> **WHAT IS NEEDED**
What is needed is a verbatim copy of the data, minus the pictures.

> **DATA EXCERPT**
*** Begin section ***

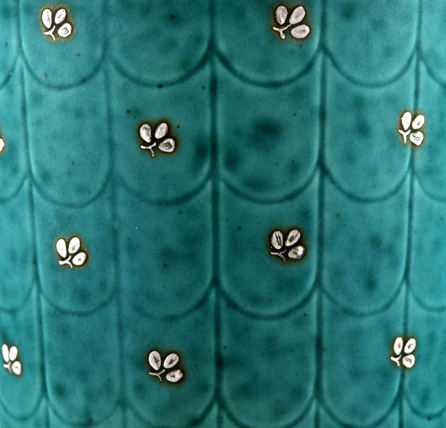 Wilhelm Kåge for Gustavsberg. Argenta vase i keramik dekoreret med blade i sølvindlæg. Sverige 1940´erne.
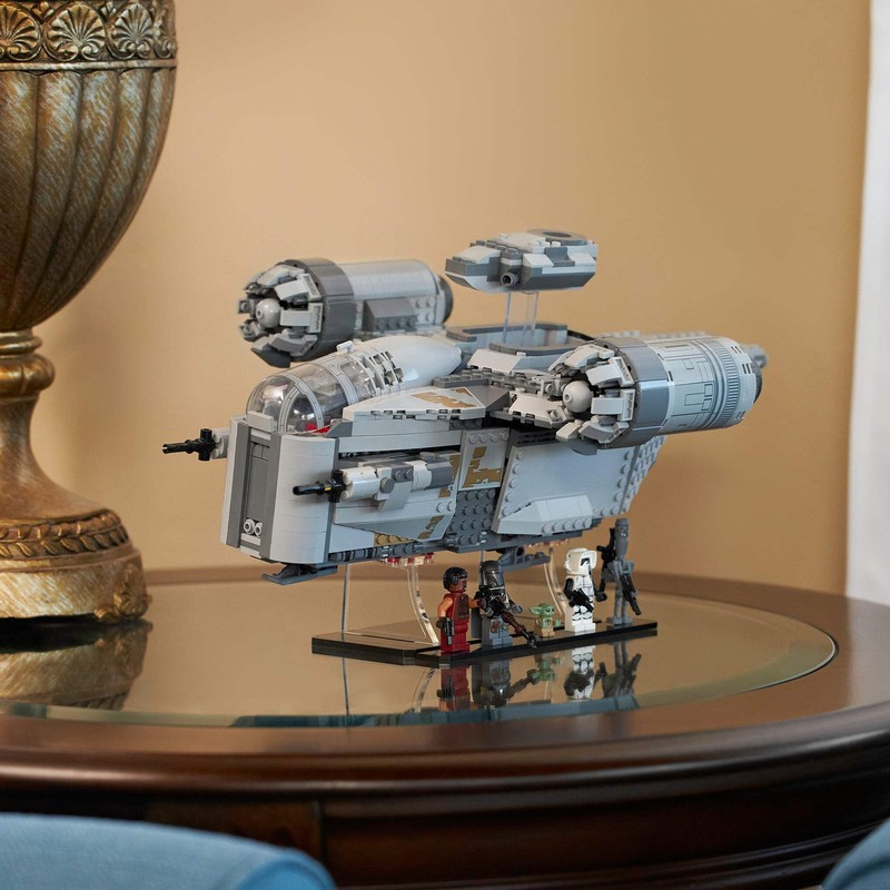 Upgrade your LEGO Star Wars collection with this display stand custom-designed to work with LEGO set 75292, The Razor Crest. It features one main stand as well as a base to hold 5 minifigs. Also includes a genuine LEGO transparent brick to display escape pod in launch mode.
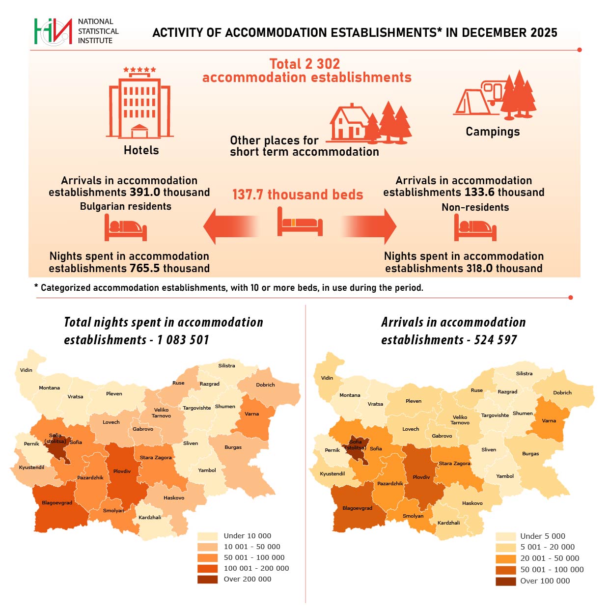 | Statistical population | All categorized accommodation establishments with 10 and more bed-places in use. |
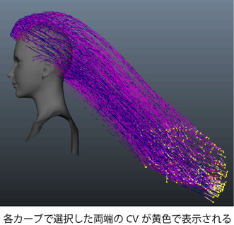 nHair のスタイリングを行う場合は、nConstraint を適用するカーブ CV グループを選択しなければならないことがよくあります。たとえば、ヘア カーブを配置するために、トランスフォーム(Transform) コンストレイントの各カーブ上の終端の CV を選択する必要が生じます。選択できるコンポーネントは、ヘア システムの現在のディスプレイによって異なることに注意してください。ディスプレイをカーブの現在位置に設定するには、nHair > ディスプレイ > 現在位置(nHair > Display > Current Position)を選択します。

*** End section ***

> **FINISHED TASK**
 Wilhelm Kåge for Gustavsberg. Argenta vase i keramik dekoreret med blade i sølvindlæg. Sverige 1940´erne.
 Upgrade your LEGO Star Wars collection with this display stand custom-designed to work with LEGO set 75292, The Razor Crest. It features one main stand as well as a base to hold 5 minifigs. Also includes a genuine LEGO transparent brick to display escape pod in launch mode.
 | Statistical population | All categorized accommodation establishments with 10 and more bed-places in use. |
 nHair のスタイリングを行う場合は、nConstraint を適用するカーブ CV グループを選択しなければならないことがよくあります。たとえば、ヘア カーブを配置するために、トランスフォーム(Transform) コンストレイントの各カーブ上の終端の CV を選択する必要が生じます。選択できるコンポーネントは、ヘア システムの現在のディスプレイによって異なることに注意してください。ディスプレイをカーブの現在位置に設定するには、nHair > ディスプレイ > 現在位置(nHair > Display > Current Position)を選択します。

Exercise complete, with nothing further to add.